Father Rossi will concelebrate the consecration Mass April 29. "Catherine attends daily Mass and prays for the parish daily," Father Rossi said, noting Wright's good work with the parish's English speaking RCIA. "This is truly a vocation she is entering. Catherine is a good steward of God's gifts and I see her service at St. Raphael's as a sign of that."
Wright said she has invited more than a hundred people to attend the consecration liturgy including her parents, Louise and Thomas Wright who will "bring the insignia of consecration into the church." Her mom will carry the ring and her dad will carry his daughter's copy of the Liturgy of the Hours. Also attending are siblings, Tom, John, and Jim with his wife, Janet, and other family members and friends.
ENTERING THE CHURCH WITH FRIENDS AT HER SIDE
Wright will enter the church flanked by Judith Stegman and Gwen Priolo.

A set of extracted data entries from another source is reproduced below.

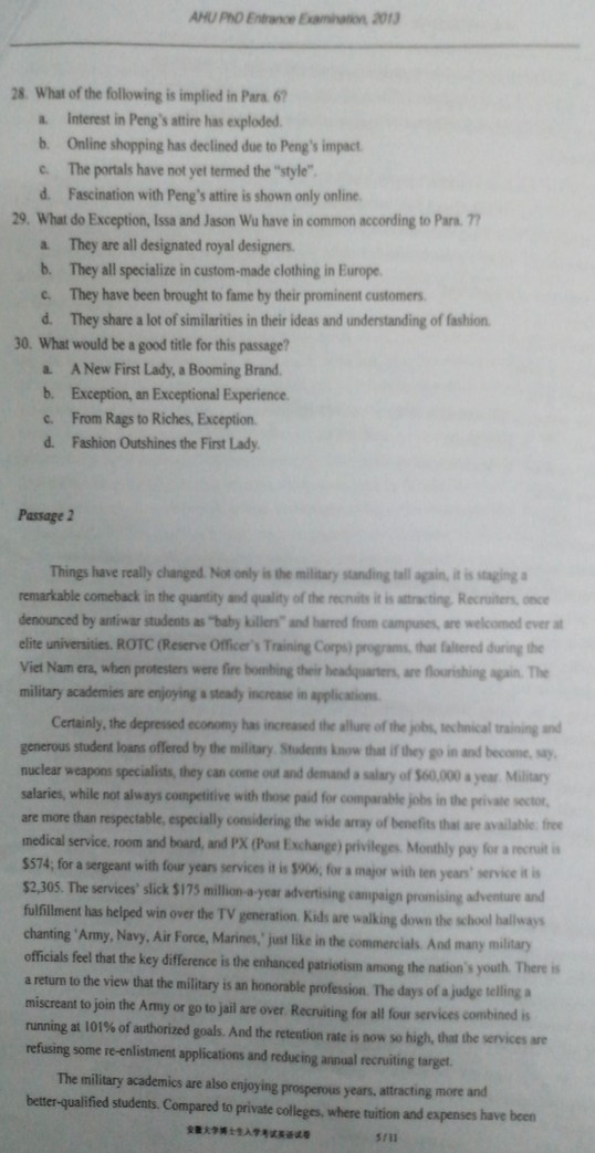 基础英语一.选择题(选择题有两部分)A考词汇的词意辨析,短语辨析(感觉都是重视词意,)题型类似三笔,难度也接近。B划线处替换(基本上是换句子)考语法,词意句子都不难,但是想做好很难,一些地方考的比较细二.阅读理解(4篇)第一篇是比较简单的阅读难度类似4级难度,说的是一对姐妹,具体的不记得了。题型是, ...
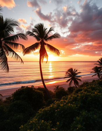 A breathtaking sunset casts vibrant colors across the sky and reflects on the calm ocean waves. Silhouetted palm trees frame the serene beach, creating a picturesque scene.
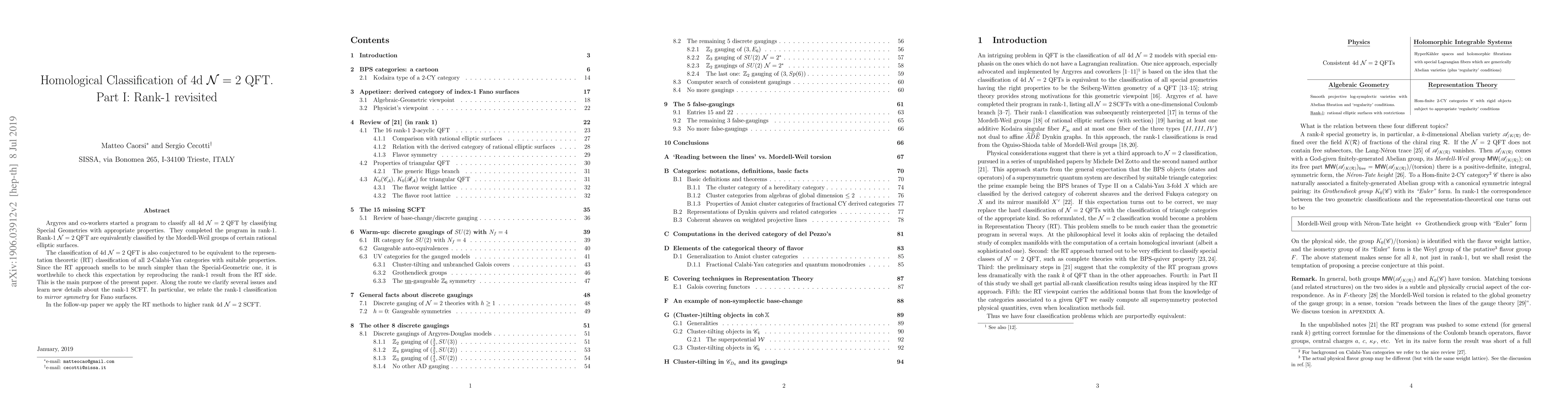 This paper revisits the classification of rank-1 4d $\mathcal{N}=2$ QFTs by comparing the Special Geometric approach with the representation theoretic classification of 2-Calabi-Yau categories. It confirms the equivalence between these methods and provides new insights into rank-1 SCFTs, including connections to mirror symmetry for Fano surfaces.

Stegman is president of the United States Association of Consecrated Virgins and was Wright's mentor as she prepared for the Rite of Consecration. Wright and Priolo, who sponsored Wright when she entered the Church in 2003, worked at the San Rafael Library for 18 years until Priolo's retirement. "Our relationship is such that I think of her as my godmother," Wright said.
"I am delighted to celebrate with Catherine as she gives herself entirely and eternally to Christ as his bride," Stegman told Catholic San Francisco. "I have been working with Catherine for a number of years in this preparation and am very glad to see this come to be. I am looking forward to seeing what the fruit of the grace will be in her life."
About the USACV, Stegman said one of its goals is to provide ways for Consecrated Virgins to interact with one another. The group publishes a newsletter, holds a summer gathering and currently is improving its website to assist in that effort. "Many personal relationships are built among Consecrated Virgins in the country through these various means," Stegman said. The group's "very active e-mail prayer request chain" is another way the women stay in touch, she noted.
Wright said she knows of two other Consecrated Virgins in the Archdiocese of San Francisco but has not contacted them. "I am the first woman from California to get involved with the USACV which signals to me that these local Consecrated Virgins prefer to pursue their vocations quietly and I don't want to intrude upon them," Wright said.
"I can't fully anticipate what taking this path will mean for my life," Wright said. "Such understanding comes only with time. But I know that becoming a Consecrated Virgin is right because I've never felt more authentic or freer than I do now. Being a Consecrated Virgin provides a structure, a ‘container' if you will, for me to grow in love. My deepest hope in becoming a Consecrated Virgin is that I might be a sign of the intimacy that Christ seeks with each individual person."
"What I wish for anyone, men as well as women, is the joy I've found in discovering what God wants for my life," Wright said. "If I were to offer advice to those exploring the question of where God is calling them, the first thing I would say is to examine the places where they feel themselves most strongly saying ‘no' to God and to look at the things that make them most afraid. It is through going into the places that we don't want to go that we create the most room for God to do his work."
By Tom Burke
From April 24, 2009 issue of Catholic San Francisco.